Little progress has been made in the three months since.

“The Honokaa High School gym sits empty. There’s no floor at all,” HHS Principal Rachel Matsumura said.

Last year a water tank erupted and leaked, causing the gym’s floor to buckle.

“It stayed like that for a year, so we couldn’t use it,” Matsumura said.

The boys and girls volleyball, basketball and wrestling teams, as well as P.E. classes, tournaments and school assemblies, have been displaced ever since.

“Today we have our jazz band playing with Mr. Washburn and a friend from the mainland so we are walking our whole student body — 700 kids — to the Parks &Rec Recreation Honokaa Complex,” Matsumura said Wednesday.

But the Complex isn’t always available.

“There are a lot of cancellations at the P&R gym because of the weather and the moisture in the floor there,” Vice Principal Angie Hewins said. “So even our backup gym needs a backup gym.”

Other options require driving school teams to the Waimea District Park gym or Paauilo.

“It’s a lot of planning on the school’s part because teams don’t get to have a regular practice, they practice with each other,” Matsumura said. “It’s frustrating for them because they want a private practice — girls only or boys only. This also puts out the P&R kids.”

When it rains, students in the Honokaa school’s P.E. class have to stay in the classroom.

“There’s no gym for them to go and play in,” Vice Principal Tammie Picklesimer said. “It impacts social events and graduation too. A gym is a part of our school pride, and it’s a big problem. We’d like to send a message to our kids and community that our gym matters and we matter.”

The administration is waiting anxiously to hear what the next step will be.

“We’re at a standstill. Money most likely will need to be funneled in because the wires are additional to the project,” Matsumura said. “As of last week, an engineer from the Hawaii Department of Education’s School Facilities Department finally came in and created a report we’re waiting to see so we know what needs to happen next. We’re just frustrated.”
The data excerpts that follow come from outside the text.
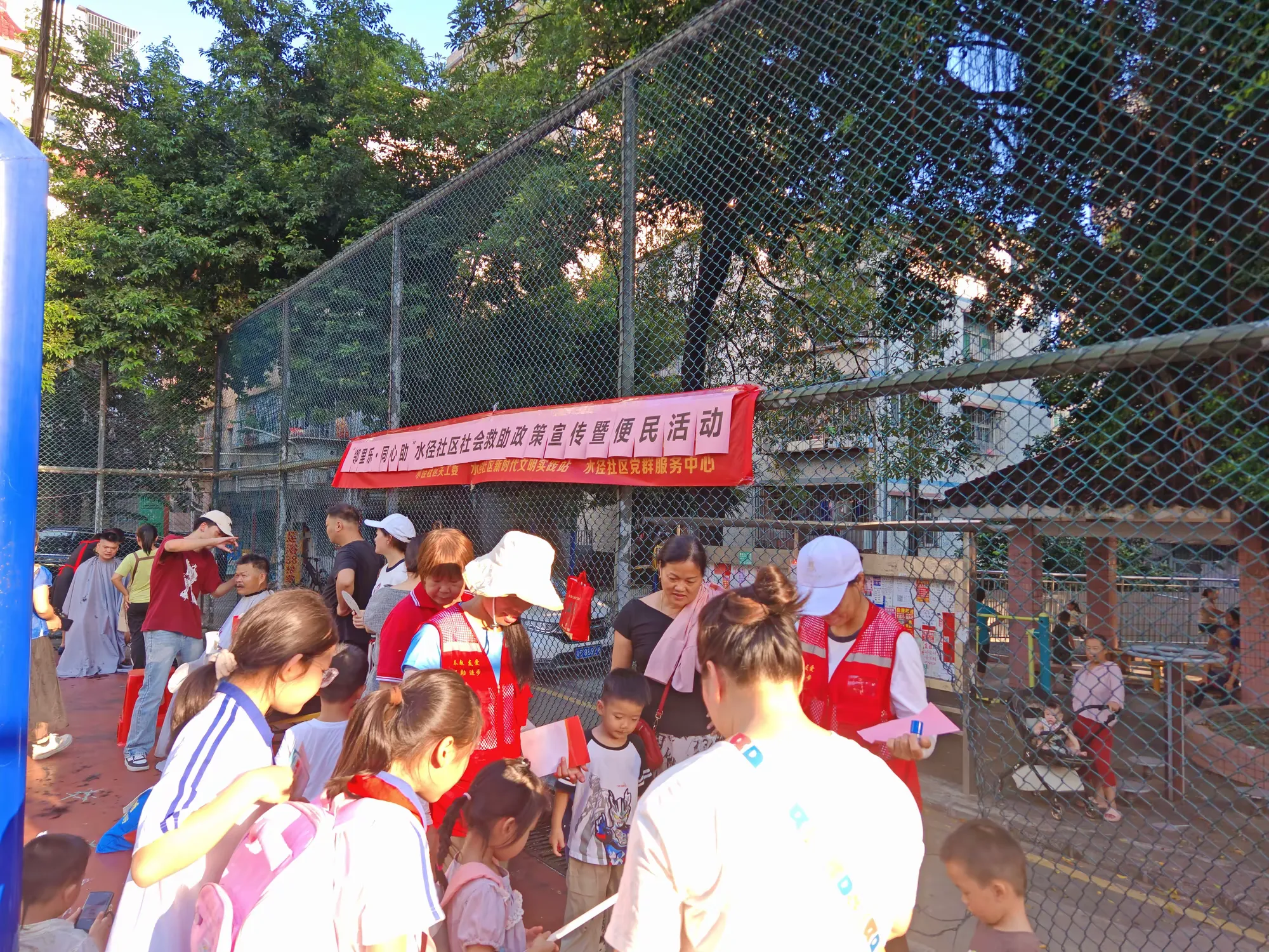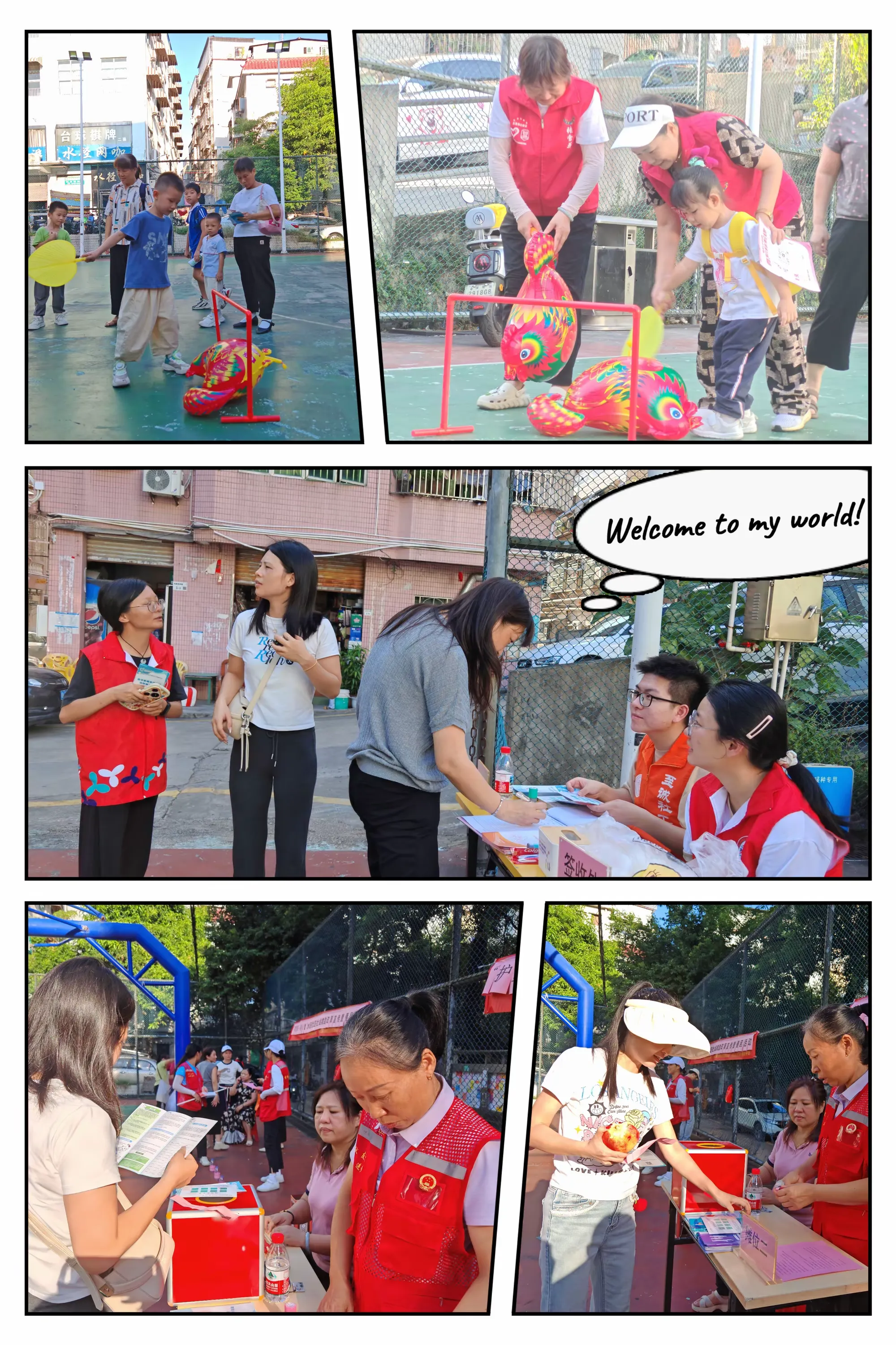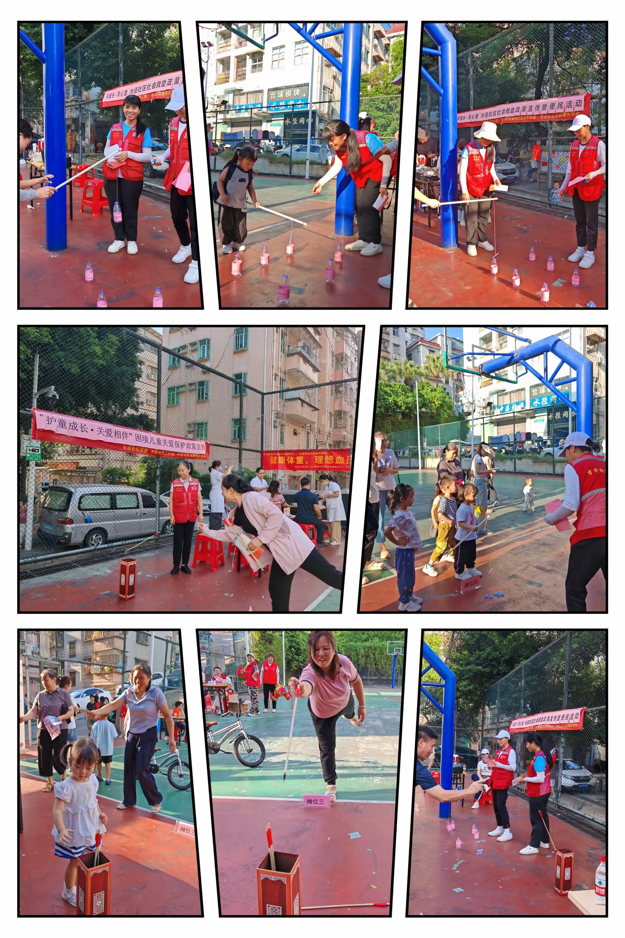 第一个摊位点为:“护童成长·关爱相伴”困境儿童关爱保护政策宣传活动火热开展。活动现场设置设置的盲盒抽抽乐和赶鸡入笼两个游园项目,以寓教于乐的形式,为居民打开了了解困境儿童关爱保护政策的窗口。志愿者们发放着宣传折页,而参与的居民则一边抽着盲盒,一边认真地阅读着困境儿童关爱保护的相关政策,了解帮助困境儿童的渠道有哪些。在趣味游戏赶鸡入笼互动区域中,参与者手持特制的“赶鸡棒”,小心翼翼地将一只只象征着困境儿童的“小鸡玩偶”赶入预设的“安全笼”中,这在无形中传递了将困境儿童从困境中“解救”出来,给予他们安全与关爱的深刻寓意。通过这样的互动体验,居民们对困境儿童面临的挑战有了更直观的认识,也激发了他们参与关爱行动的热情。
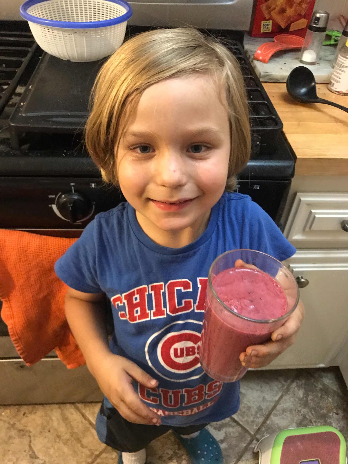 So enjoy a little boy drinking milk wearing a mask in clothes that are too big.
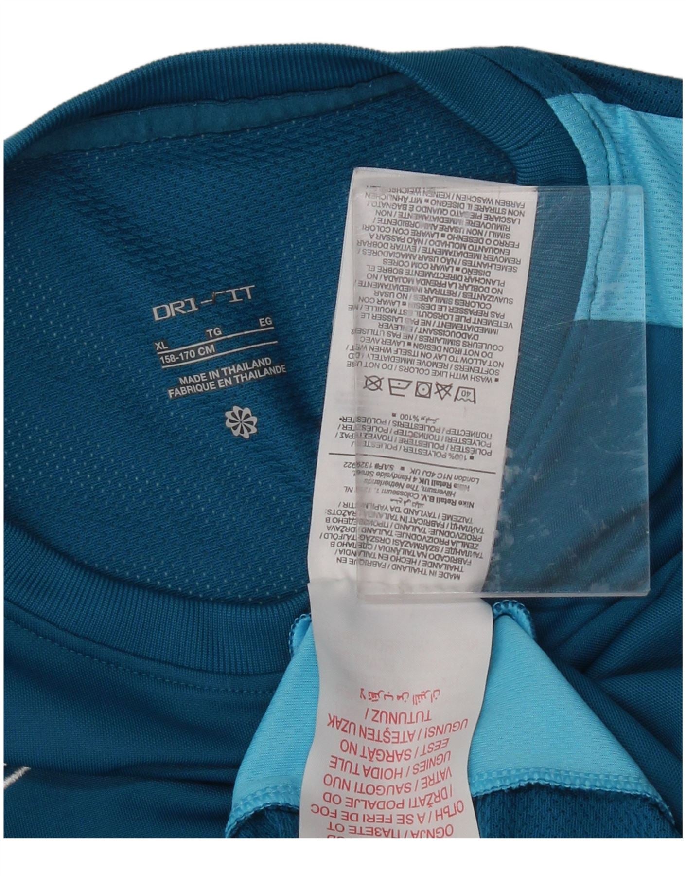 NIKE Girls Dri Fit T-Shirt Top 13-14 Years XL Blue Colourblock Polyester
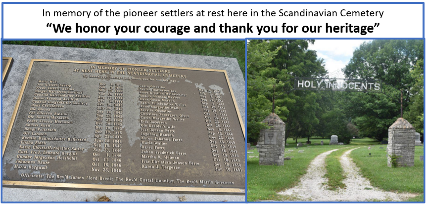 The tour then continued to the Holy Innocents Cemetery where Paul Turek, Chairman of the Cemetery Committee, St. Anskar’s Episcopal Church presented the history of cemetery and the Scandinavian Parish. In January of 1844 Bishop Jack Kemper visited New Upsala and in March the same year the Holy Innocents cemetery was consecrated for the Scandinavian community, and the Pine Lake Scandinavian Parish was established. Gustaf Unonius was ordained as its first pastor in 1845. A few years later a small church was built on the cemetery grounds.
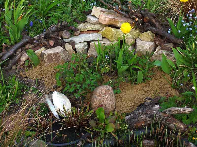 Gerade wegen der Eiablage, habe ich in der Nähe der Burgen Flächen mit Rindenmulch/Sandgemisch. Das wird gerne angenommen. Ich muß nur aufpassen, das Nachbars Katzen es nicht als Klo benutzen.
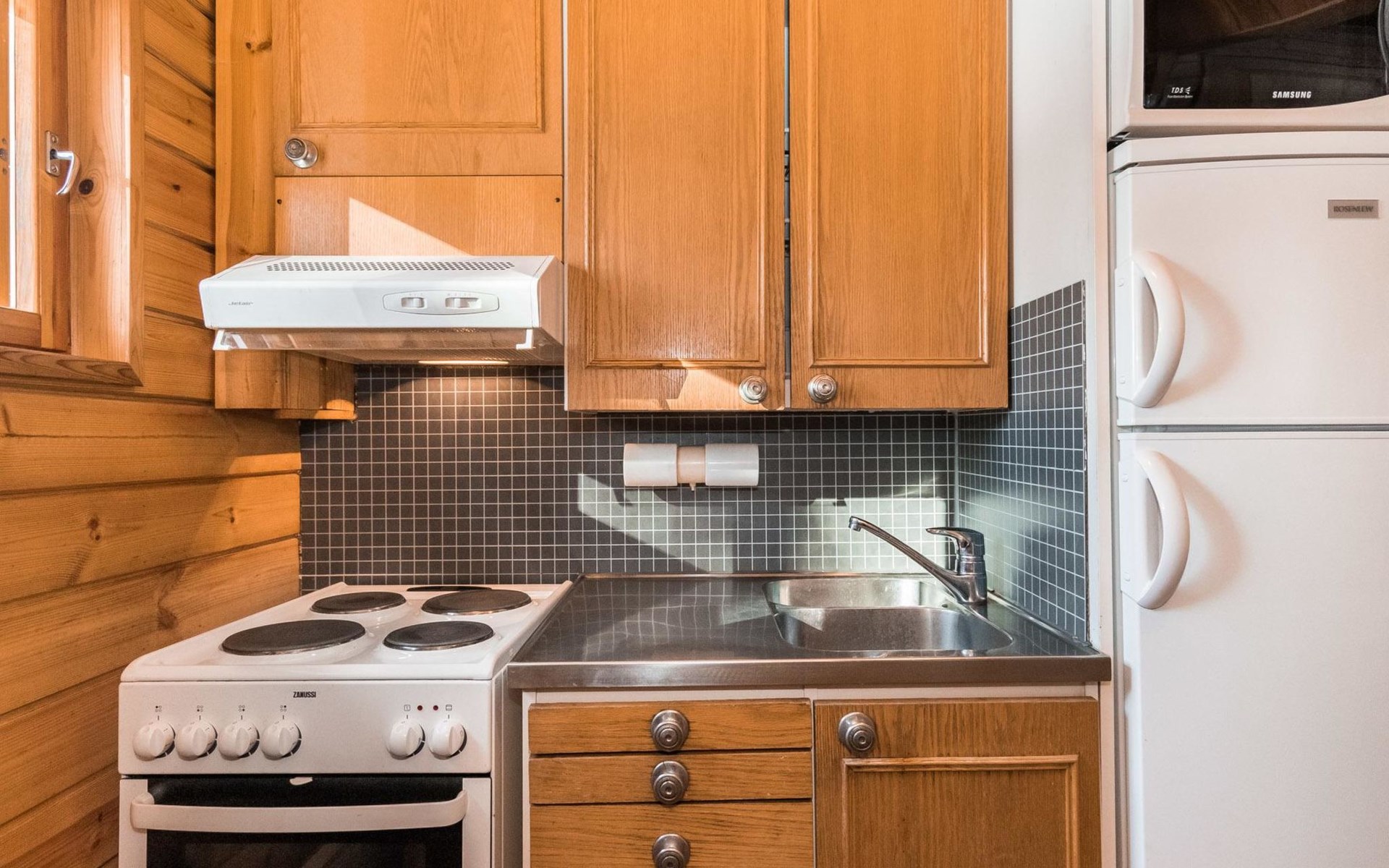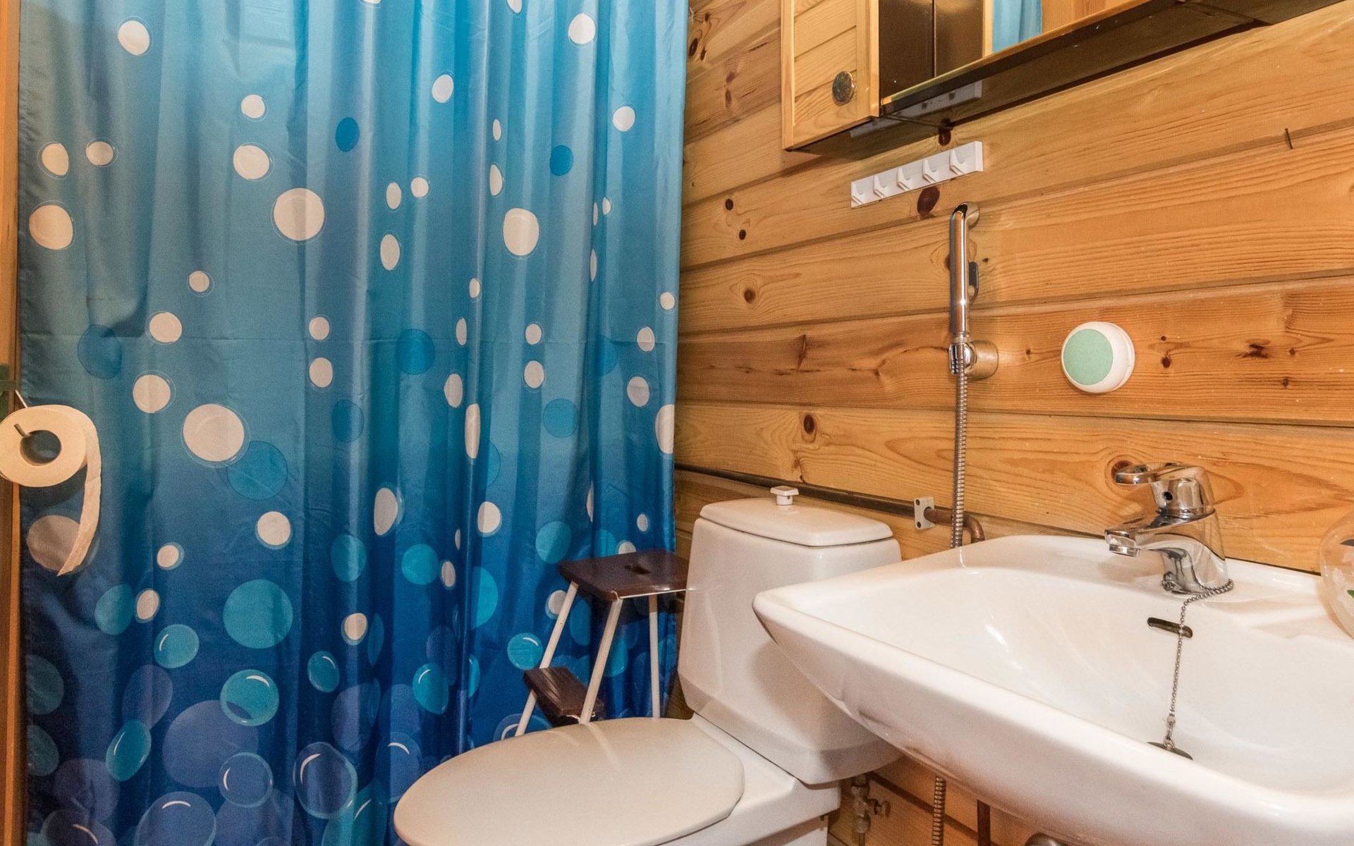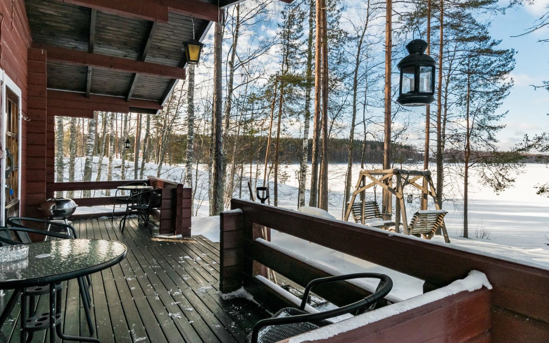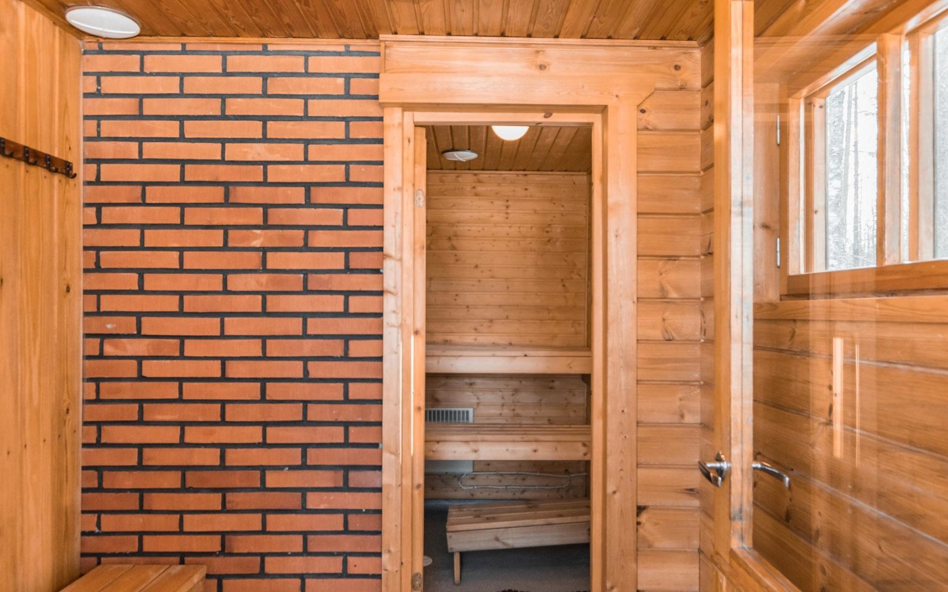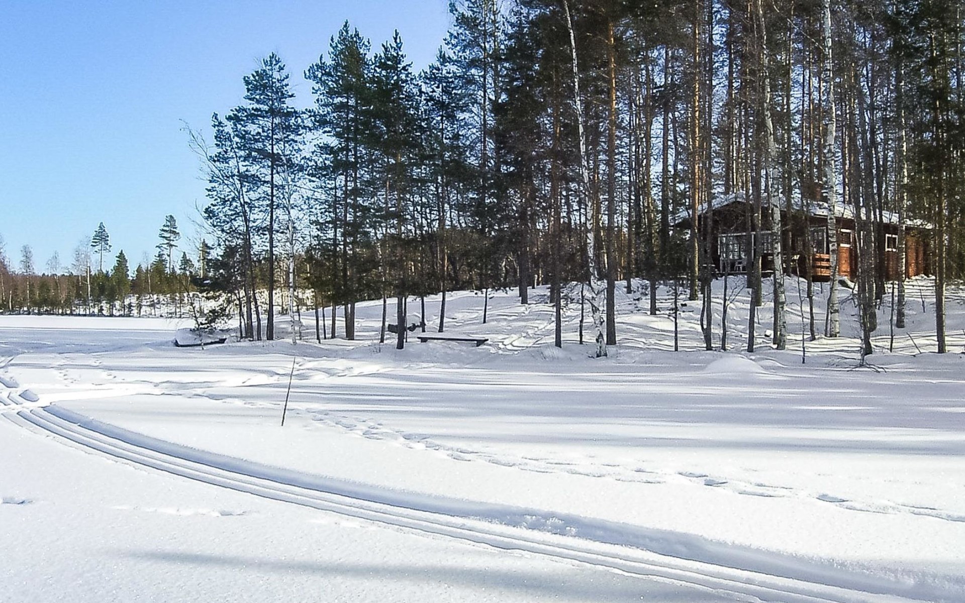 Log cabin, renovated 1992, kitchen, 2 bedrooms with 2 beds in each, living room with 2 extra beds (couch), sauna (electric sauna stove), dressing room, open veranda. Drinking water will be fetched from owner.

Until 2007, the school borrowed Hawaii Army National Guard’s Armory located near the entrance of their campus. Upon moving to Hilo, the facility was turned over to Honokaa High &Intermediate School to use as their very own gym. At the time, the state had money to renovate the facility, repair a leaky roof and restroom, add locker rooms and repaint.

But the flooring was incorrectly installed.

“When they put the flooring down they cemented around it, not allowing it to expand, so it buckled or rippled,” Tolentino said.

Matsumura added, “A water tank leak exasperated it last year. The rippling had been there and we always brought it up with our senator, representative and the DOE but this finally pushed the project forward.”

Several weeks ago, the construction crew came back and re-did the wall louvers, but there is still no flooring.

“A lot of the student athletes ask me when the gym is gonna be done and we don’t have that answer,” Tolentino said.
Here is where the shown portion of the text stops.